*THE DATA*:
**********

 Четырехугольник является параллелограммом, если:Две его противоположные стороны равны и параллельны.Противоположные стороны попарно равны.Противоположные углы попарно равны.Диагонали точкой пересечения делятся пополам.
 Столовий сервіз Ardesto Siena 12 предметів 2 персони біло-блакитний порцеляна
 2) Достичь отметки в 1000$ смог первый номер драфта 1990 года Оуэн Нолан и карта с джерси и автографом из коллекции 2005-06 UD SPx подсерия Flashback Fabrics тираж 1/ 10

**********

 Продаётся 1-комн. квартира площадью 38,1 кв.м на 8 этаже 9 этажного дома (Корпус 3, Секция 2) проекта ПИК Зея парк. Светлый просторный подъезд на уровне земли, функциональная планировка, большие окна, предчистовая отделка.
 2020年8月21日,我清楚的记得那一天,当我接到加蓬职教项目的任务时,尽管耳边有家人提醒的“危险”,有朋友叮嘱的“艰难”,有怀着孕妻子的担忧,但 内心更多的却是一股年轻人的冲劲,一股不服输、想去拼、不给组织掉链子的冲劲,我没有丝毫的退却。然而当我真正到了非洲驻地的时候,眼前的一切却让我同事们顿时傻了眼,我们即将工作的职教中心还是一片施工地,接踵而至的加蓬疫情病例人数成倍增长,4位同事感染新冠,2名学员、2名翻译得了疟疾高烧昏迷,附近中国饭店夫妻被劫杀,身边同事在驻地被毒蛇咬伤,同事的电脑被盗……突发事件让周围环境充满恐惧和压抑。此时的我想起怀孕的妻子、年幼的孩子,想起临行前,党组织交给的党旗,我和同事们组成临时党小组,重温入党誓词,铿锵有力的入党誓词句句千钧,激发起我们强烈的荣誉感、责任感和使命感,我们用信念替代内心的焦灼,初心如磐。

**********

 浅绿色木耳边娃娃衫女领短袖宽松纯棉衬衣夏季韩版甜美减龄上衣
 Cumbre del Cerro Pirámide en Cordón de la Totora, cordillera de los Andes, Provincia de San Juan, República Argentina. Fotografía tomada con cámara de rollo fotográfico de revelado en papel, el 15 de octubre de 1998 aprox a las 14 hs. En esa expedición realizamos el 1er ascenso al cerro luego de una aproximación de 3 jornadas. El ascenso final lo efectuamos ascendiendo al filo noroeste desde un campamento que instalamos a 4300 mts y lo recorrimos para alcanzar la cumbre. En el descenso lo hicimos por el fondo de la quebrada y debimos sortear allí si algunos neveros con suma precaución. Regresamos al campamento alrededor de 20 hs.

**********

*ABOUT THIS TASK*:
Would you please write out, exactly and with no other lines, the stretch of the listing above from the line containing "Четырехугольник является параллелограммом, если:Две" through the line containing "2) Достичь отметки"?

*TASK RESULT*:
 Четырехугольник является параллелограммом, если:Две его противоположные стороны равны и параллельны.Противоположные стороны попарно равны.Противоположные углы попарно равны.Диагонали точкой пересечения делятся пополам.
 Столовий сервіз Ardesto Siena 12 предметів 2 персони біло-блакитний порцеляна
 2) Достичь отметки в 1000$ смог первый номер драфта 1990 года Оуэн Нолан и карта с джерси и автографом из коллекции 2005-06 UD SPx подсерия Flashback Fabrics тираж 1/ 10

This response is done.